◆ Problem details
Pictures stay out of the copy, which must hold exactly the lines from the one containing "Education | Current" through the end of the material below.

◆ Information
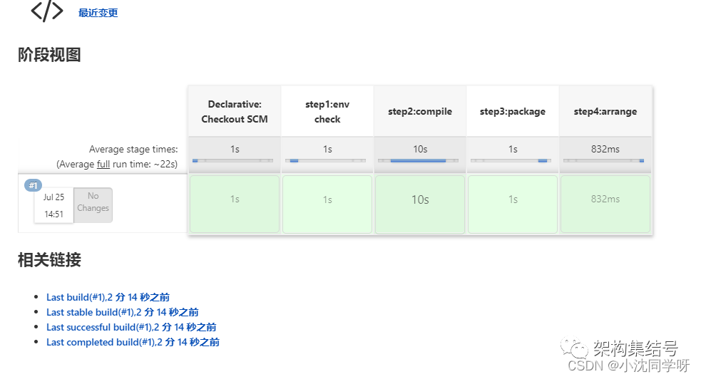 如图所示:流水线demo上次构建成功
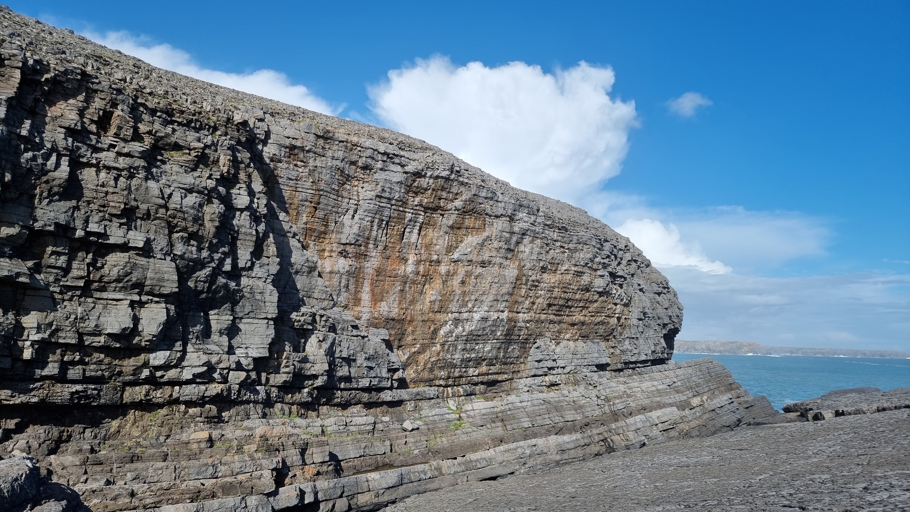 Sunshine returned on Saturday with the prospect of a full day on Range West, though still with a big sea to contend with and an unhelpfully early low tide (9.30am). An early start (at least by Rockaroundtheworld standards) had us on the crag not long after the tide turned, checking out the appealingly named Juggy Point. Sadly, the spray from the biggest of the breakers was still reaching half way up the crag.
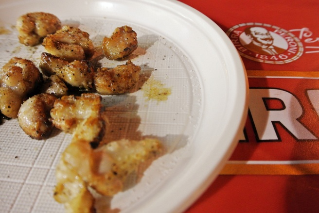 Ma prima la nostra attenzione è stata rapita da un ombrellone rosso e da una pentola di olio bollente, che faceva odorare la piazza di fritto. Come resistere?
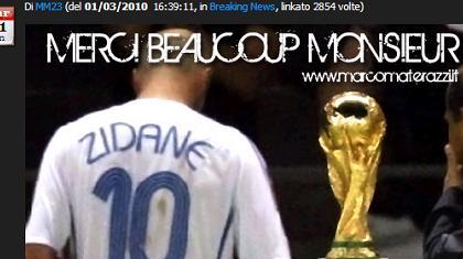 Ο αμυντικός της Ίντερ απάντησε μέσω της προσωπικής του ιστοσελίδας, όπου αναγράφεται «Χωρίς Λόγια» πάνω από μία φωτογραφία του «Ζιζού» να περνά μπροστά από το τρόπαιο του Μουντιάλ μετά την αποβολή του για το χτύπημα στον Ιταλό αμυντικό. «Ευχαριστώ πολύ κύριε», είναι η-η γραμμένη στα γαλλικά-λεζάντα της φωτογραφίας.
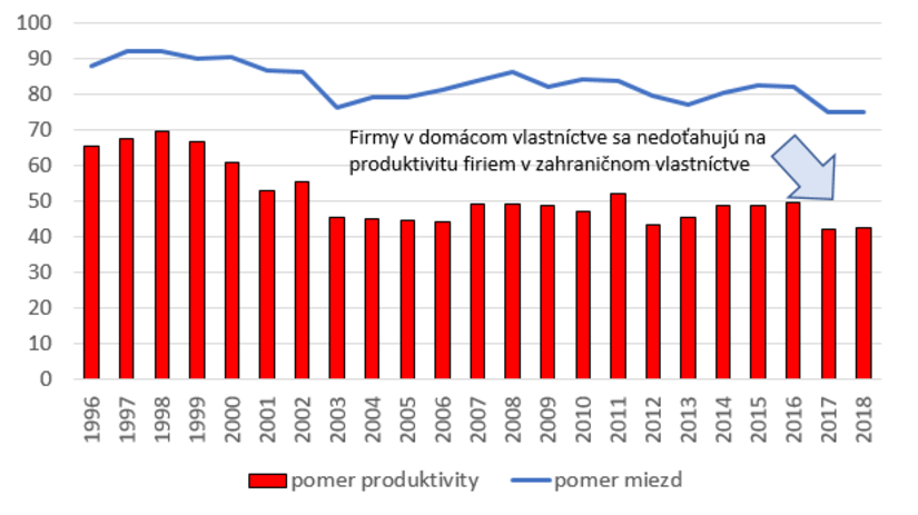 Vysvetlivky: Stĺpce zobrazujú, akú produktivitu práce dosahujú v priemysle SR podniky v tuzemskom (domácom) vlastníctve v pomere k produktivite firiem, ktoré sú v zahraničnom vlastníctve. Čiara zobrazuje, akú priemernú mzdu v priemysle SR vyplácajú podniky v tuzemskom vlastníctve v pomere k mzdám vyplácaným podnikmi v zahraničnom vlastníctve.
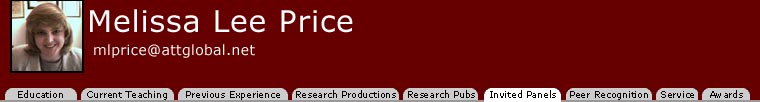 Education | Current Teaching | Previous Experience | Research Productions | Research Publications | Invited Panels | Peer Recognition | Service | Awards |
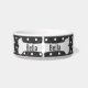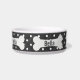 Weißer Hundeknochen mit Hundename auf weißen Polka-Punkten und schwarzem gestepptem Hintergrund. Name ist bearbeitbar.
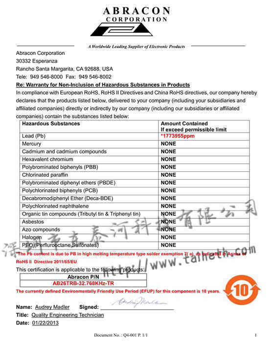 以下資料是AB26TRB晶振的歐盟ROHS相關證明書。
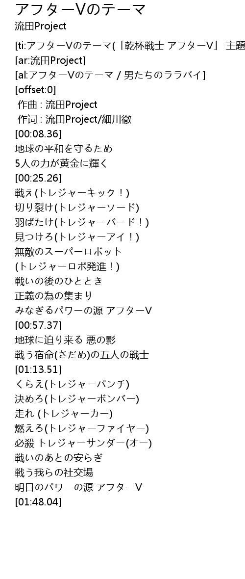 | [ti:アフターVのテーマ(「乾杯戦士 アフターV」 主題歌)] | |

◆ Solution to this exercise
 Education | Current Teaching | Previous Experience | Research Productions | Research Publications | Invited Panels | Peer Recognition | Service | Awards |
 Weißer Hundeknochen mit Hundename auf weißen Polka-Punkten und schwarzem gestepptem Hintergrund. Name ist bearbeitbar.
 以下資料是AB26TRB晶振的歐盟ROHS相關證明書。
 | [ti:アフターVのテーマ(「乾杯戦士 アフターV」 主題歌)] | |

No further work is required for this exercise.